Le murmure de la taverne s’était tu autour d’eux. Les conversations se faisaient lointaines, comme emportées par une mer invisible. Dans ce silence naissant, Kahalya sentit son souffle devenir aussi fragile qu’une feuille d’automne prête à tomber.

— Comment savez-vous mon nom ? murmura-t-elle enfin, la voix plus rauque qu’elle ne l’aurait voulu.

Firen la fixa, sans la brusquer.

— Parce que le désert pleure ton absence, et les Dieux ont gravé ton souvenir sur les pierres de Soo. Une ville meurt, Kahalya, parce qu’elle t’a rejetée.

Elle tressaillit. Ses doigts se refermèrent plus fort sur le bois lisse du plateau.

— Je ne suis personne. Je… je voulais seulement vivre, rien d’autre. Travailler, dormir, respirer. C’est interdit, ça, pour l’élue d’une prophétie ?

Une colère douce, presque enfantine, s’était glissée dans sa voix. Mais ses yeux, eux, brillaient d’un éclat qu’aucune larme ne pouvait éteindre. L’or sous le vert remontait lentement, tel un secret refusant de rester enfoui.

— Non, ce n’est pas interdit, dit Firen avec gravité. Mais ce n’est plus possible. Ton destin t’a déjà retrouvée. La ville où tu es née se consume, et les Six ne pardonneront pas l’indifférence. Tu dois venir avec moi, Kahalya. Pas comme prisonnière. Comme héritière d’une flamme ancienne.

Elle posa le plateau. Lentement. Comme si chaque geste devait être pesé, mesuré, accepté par les étoiles elles-mêmes.

— Et si je refuse ? demanda-t-elle.

— Alors la sécheresse gagnera Sho. Et peut-être tout Zoha. Les Dieux ont déjà commencé à punir le royaume. Leur patience a des limites que même un roi ne peut sonder.

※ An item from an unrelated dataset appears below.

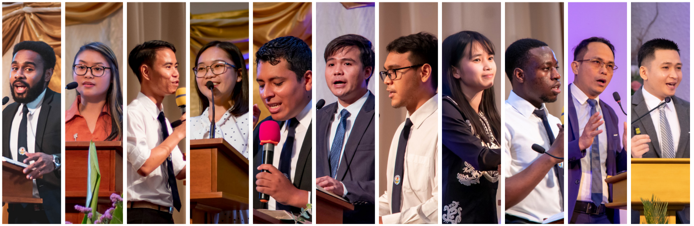
Speakers from different faculties preach throughout the morning and evening sessions of the Festival of Faith week-of program

Kahalya détourna les yeux. Une larme roula le long de sa joue. Ce n’était pas une larme de peur. C’était celle d’une enfant qu’on venait chercher trop tard, d’une jeune fille qu’on avait forcée à devenir une élue quand elle aurait voulu être libre.

— Je ne suis pas prête, dit-elle enfin.

Firen se leva. Il inclina doucement la tête, en signe de respect.

— Aucun élu ne l’est jamais. Mais les temps n’attendent pas, Kahalya. Demain, à l’aube, je repars. Je t’attendrai à la lisière de la ville. Si tu ne viens pas… je dirai au roi que tu es morte. Et je respecterai ton choix. Mais sache que ton absence condamnera beaucoup d’innocents.

Puis, sans un mot de plus, il s’éloigna, laissant Kahalya seule, au milieu de la taverne où les rires avaient repris, comme si rien ne s’était dit. Comme si le monde ne venait pas de basculer autour d’une simple table, dans une lumière d’aurore.